Золотой храм (金閣寺), Юкио Мисима
Красота, способная причинить боль. Великолепие, доводящее до исступления. Золотой павильон Кинкаку-дзи, сгоревший в 1950 году, стал причиной помешательства и смерти. Юкио Мисима спустя годы решил «препарировать» душу Хаяси Дзёкана, который пытался покончить с собой, сгорев вместе с «Золотым храмом».
Писатель обладает магией, позволяющей влезть в чужую жизнь. Пройти по ступеням и комнатам вместо героя. Прилечь в траву, как сделал бы застенчивый, заикающийся юноша из бедной семьи. Смотреть на женщину с точки зрения монашка, не выдержавшего горделивой стати золочённого строения. Слушать плеск воды ушами решившего уйти, стереть себя из свитков мироздания вместе с Прекрасным.
К тому времени, когда свет увидел первые главы, в тюрьме от туберкулеза умер Хаяси. Словно отдав последнее дыхание строкам жутковатого романа..
Герой книги с самого начала говорит о себе, как о простом человеке: «Я не поэт, ничего такого». Но Мисима создаёт поэзию, потому что о страстях сложно поведать косным языком. Метафоры душат, сливаясь с чистыми чувствами: зависть, ревность, злость, страх, обида, отчаяние, вожделение. Слёзы. Хотя они подкатывают пару раз к горлу героя, он не позволяет им пролиться, чтобы стоять вровень с золотым храмом. Не оказаться ниже.

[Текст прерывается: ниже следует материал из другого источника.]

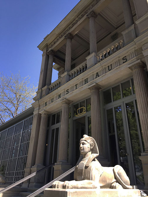 Hier gehts nur zum Café, der Eingang zum Kunsthaus ist im neuen Gebäude, im angrenzenden Kubus...
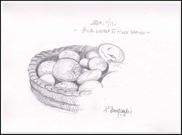 This was a clay basket filled with various river stones that I sketched on my birthday:
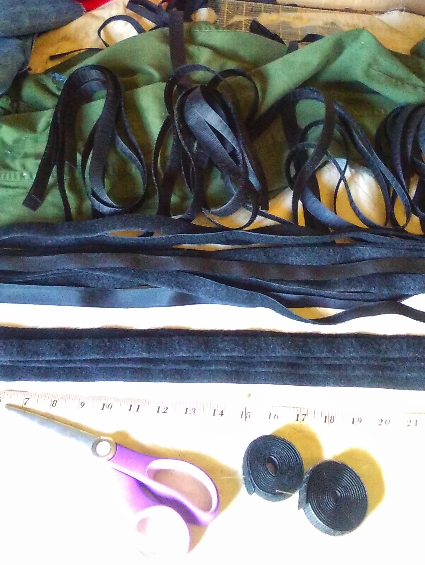 Once the velcro pieces were lined up and secured with excessive pins, I secured these pieces by running a double stitch holding them in place.
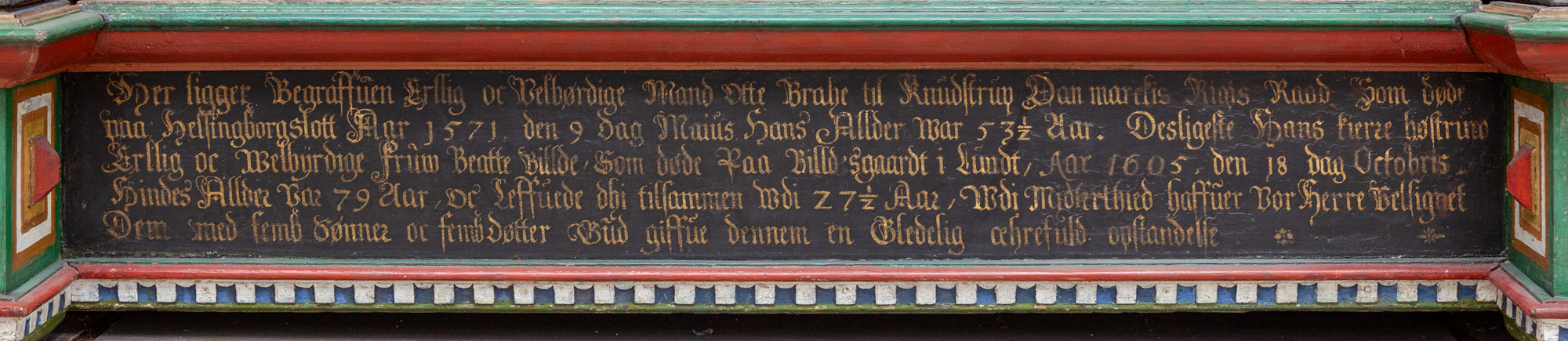 Her ligger Begraffuen Erlig oc Velbørdige Mand Otte Brahe til Knudstrup Danmarckis Rigis Raad Som døde paa helsingborg slott Aar 1571, den 9 dag Maius Hans Allder war 53½ Aar. Desligeste Hans kiere høstruw Erllig oc Welbÿrdige Fruw Beatte Billde, som døde Paa Billdisgaardt i Lundt, Aar 1605, den 18 dag Octobris. Hindes Allder var 79 Aar, oc Leffuede dhi tilsammen wdi 27½ Aar, Wdi Midlerthied (?) haffuer Vor Herre Velsignet Dem med femb sønner oc femb døtter Gud giffue dennem en Gledelig æhrefuld opstandelse.

Хотя совершает низости, испытывая себя: человек я или? Тут на ум приходит Раскольников, хотя в моём мозге вертелся образ Холдена из «Над пропасть во ржи». Как антипода. Холден колючий и неуютный, но его мечта — высокая, поднимает. А Мидзогути видит себя червём, копошащимся в грязи. И остальные для него черви. Над всем высятся лишь мёртвые (образами которых герой дорожит) и храм. Мидзогути хочет ввысь. Но не подниматься, а опустить золотой павильон до понятного, привычного и поглощаемого.
Во время своего злополучного странствия герой получает возможность приблизиться к пониманию Пустоты. Оно ненадолго с ним, но, возможно, позволит жить дальше. В отличие от прототипа, которого Пустота разорвала.
Наверное, самое сильное в романе: способность автора вытащить из себя эгоцентричную подростковую мерзость. Зацикленность на себе и своих ощущениях, презрение к родителям, запутанное отношение к взрослым (к ним тянет, и тут же — вызывают отвращение); невозможность секса: его жажда и страх того, что произойдёт. Мисима черпает энергию из собственного опыта, не выдумывая, но преломляя. Вырисовывая чернотой новый узор, не схожий с болью собственной. Мисима — гениальный автор, он не выдаёт себя. Как идеальный уязвлённый, он знает, что такое мимикрия для Иного и как важно остаться незамеченным.
Впрочем, как гореть, он тоже помнит.